Start of Block

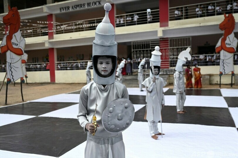 【7月27日 AFP】インド南部チェンナイ(Chennai)で26日、チェスの世界的行事「第44回チェス・オリンピアード(Chess Olympiad)」を前に「人間チェス」が開催された。子どもたちが顔にペイントを施し、駒に扮(ふん)した。(c)AFP
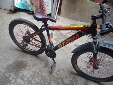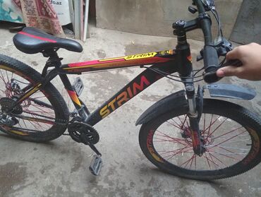 - Təkərlər: 26" dişli off-road şinlər, qırmızı şpislər və STRIM brendli disklər
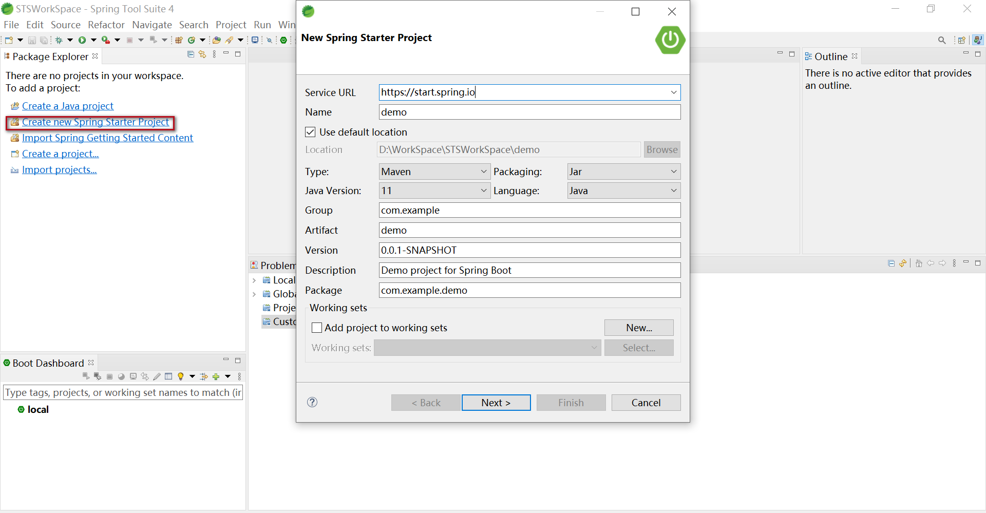 直接点击Package Explorer中的“Create new Starter Project”,创建Spring Boot项目
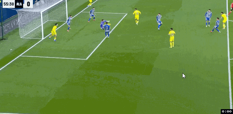 僅再過6分鐘,比利亞雷亞爾右路快速反擊,穆里尼奧帶球突入禁區(qū)橫傳門前找米考塔澤,門將西維拉出擊奮力將球撲出,莫雷諾禁區(qū)內一步搶到第2落點,迎球左腳凌空掃射,皮球直入球門右下死角,比利亞雷亞爾6分鐘連進2球2:0領先。第63分鐘,阿拉維斯獲得禁區(qū)弧頂前位置還不錯的任意球機會,馬丁內斯操刀主罰大力轟射,皮球穿過人墻直奔球門而去,門將喬尼爾奮力將球撲住。
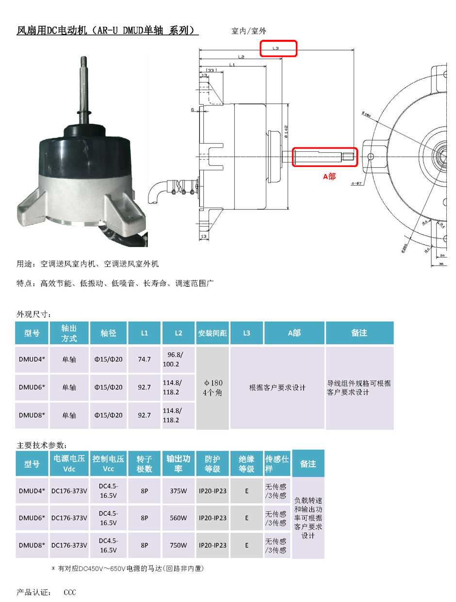 风扇用DC电机-AR-U DMUD单轴

End of Block

Without the pictures, write out every line above exactly as it appears.

→ RESPONSE BELOW:
 【7月27日 AFP】インド南部チェンナイ(Chennai)で26日、チェスの世界的行事「第44回チェス・オリンピアード(Chess Olympiad)」を前に「人間チェス」が開催された。子どもたちが顔にペイントを施し、駒に扮(ふん)した。(c)AFP
 - Təkərlər: 26" dişli off-road şinlər, qırmızı şpislər və STRIM brendli disklər
 直接点击Package Explorer中的“Create new Starter Project”,创建Spring Boot项目
 僅再過6分鐘,比利亞雷亞爾右路快速反擊,穆里尼奧帶球突入禁區(qū)橫傳門前找米考塔澤,門將西維拉出擊奮力將球撲出,莫雷諾禁區(qū)內一步搶到第2落點,迎球左腳凌空掃射,皮球直入球門右下死角,比利亞雷亞爾6分鐘連進2球2:0領先。第63分鐘,阿拉維斯獲得禁區(qū)弧頂前位置還不錯的任意球機會,馬丁內斯操刀主罰大力轟射,皮球穿過人墻直奔球門而去,門將喬尼爾奮力將球撲住。
 风扇用DC电机-AR-U DMUD单轴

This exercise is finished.